Капитан Волоцкой был в то время в Москве, а Горчаков приехал туда в половине марта, и тотчас же приступили к исполнению возложенного на них поручения. Арестованные прибывали ежедневно и в таком числе, что скоро в Преображенском не было уже места для их размещения. Большинство их принадлежало к числу «вралей», не принимавших непосредственного участия в возмущении, а распускавших слухи или передававших чужие рассказы по трактирам и кабакам. Таких арестованных, смотря по важности распространяемых ими слухов и рассказов, делили на две части: одних наказывали, а других освобождали, заставляя присягнуть на верность и отбирая особую подписку в том, что никогда не будут сообщниками мятежников, а, напротив того, окажут им сопротивление и верность законному правительству7.

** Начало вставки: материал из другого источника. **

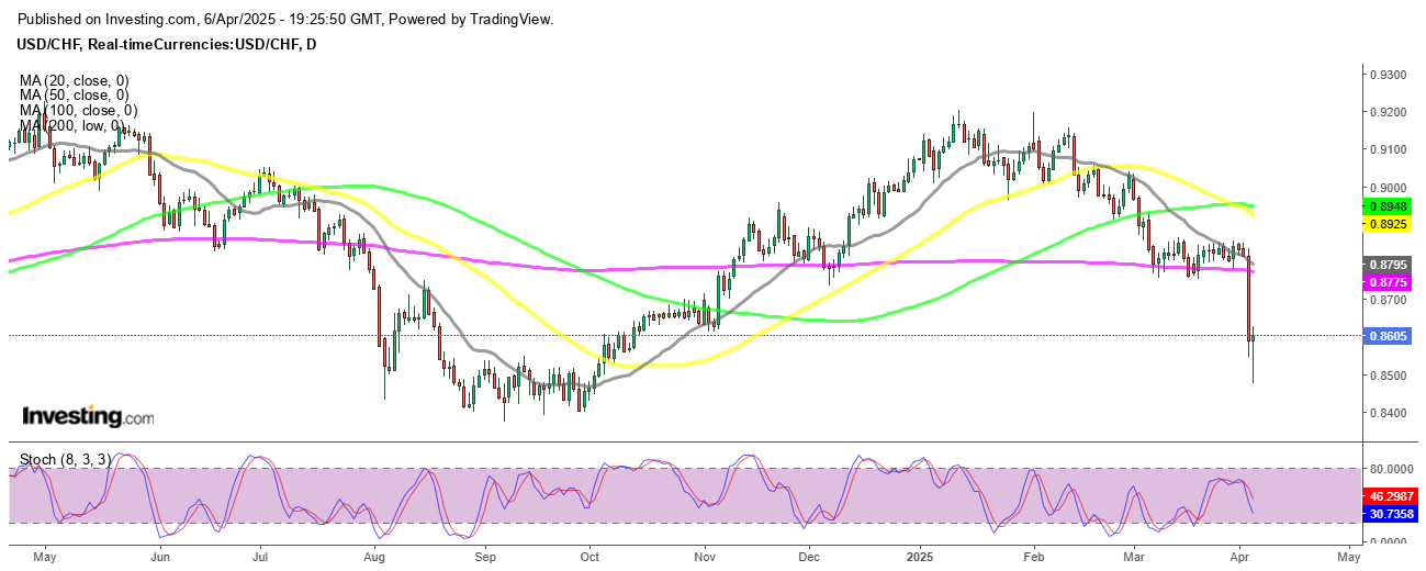 In currency markets, USD/CHF has been notably volatile due to shifting global risk sentiment. The dollar initially strengthened, pushing the pair above 0.8850 early in the week. However, resistance at the 100-day moving average halted further gains, and USD/CHF dropped around 3 cents as broader markets turned risk-averse.
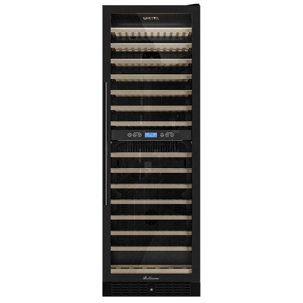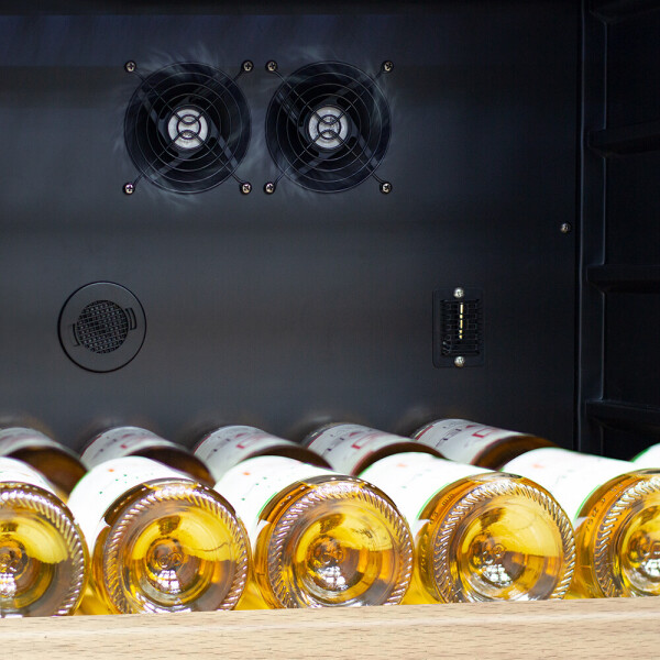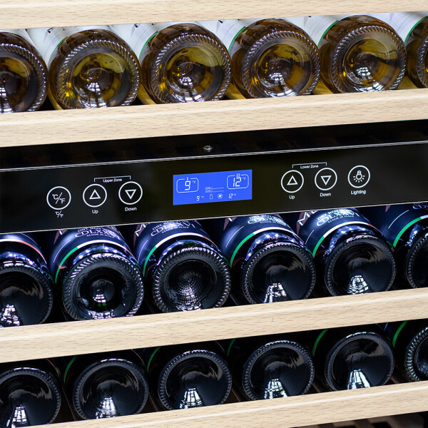Компрессорный винный шкаф Meyvel MV160-KBT2 обладает большой вместимостью и способен разместить до 160 бутылок. Располагаются они на полках из массива бука. Внутреннее пространство шкафа разделено на 2 температурные зоны с возможностью настраивать каждую из них: диапазон нижней зоны от +10C до +18C, а верхней - от + 5C до +10C. Холодильник поддерживает влажность в диапазоне 60-80%, как в настоящем винном погребе.
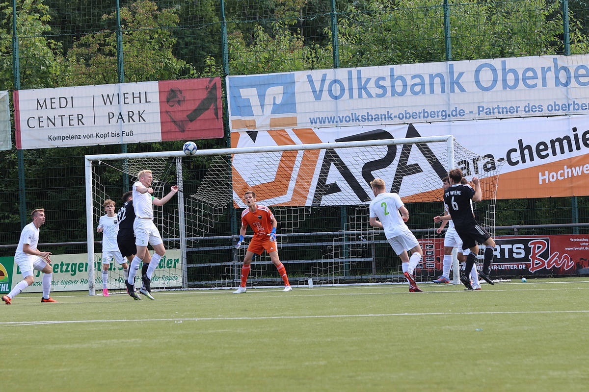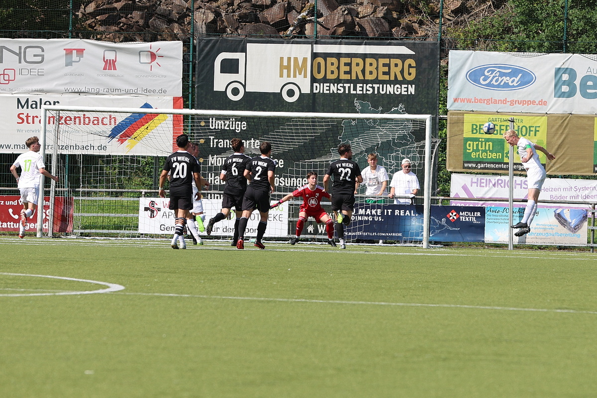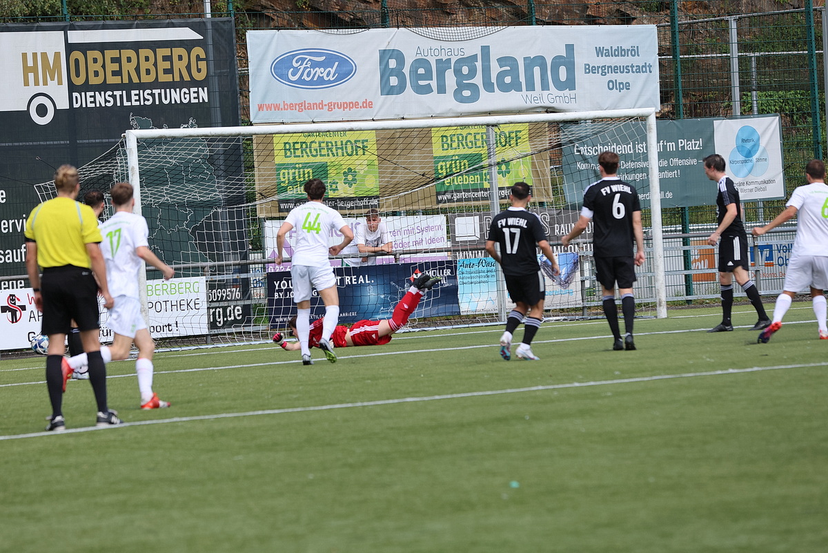 „Das war krass“, meinte Wiehls Trainer nach dem ersten Heimspiel seiner Mannschaft. „Ich bin mit dem Spiel noch nicht ganz durch. Sowas habe ich noch nie erlebt in meiner Karriere“, erklärte der Coach nach dem Schützenfest. Die Spieler waren kaum auf dem Feld, da klingelte es bereits im Tor der Hausherren. Nach einem langen Einwurf schliefen die Wiehler offenbar noch tief und fest, Christoph Mai bedankte sich und hämmerte den Ball ins kurze Eck (2.).

Вместе с тем, получив известие, что в некоторых местах Сибирской губернии рассеваются «злые слухи, толки и обольщение от самозванца»8, Екатерина признала необходимым вновь обратиться с словами увещания к населению, объятому мятежом, и 15 марта был издан манифест, напечатанный в числе 1200 экземпляров в два столбца: один гражданской, а другой церковной печатью9. Императрица требовала, чтобы каждый удержался «не только от сообщений с ворами, но и ото всякого колебания, ибо таковых непослушных и присяге верности непомнящих людей склонность ни к чему иному не влечет, как к собственной их же погибели и к самой неминуемой изменникам казни, чего разбойничьи сволочи в весьма коротком времени, конечно, не избегнут».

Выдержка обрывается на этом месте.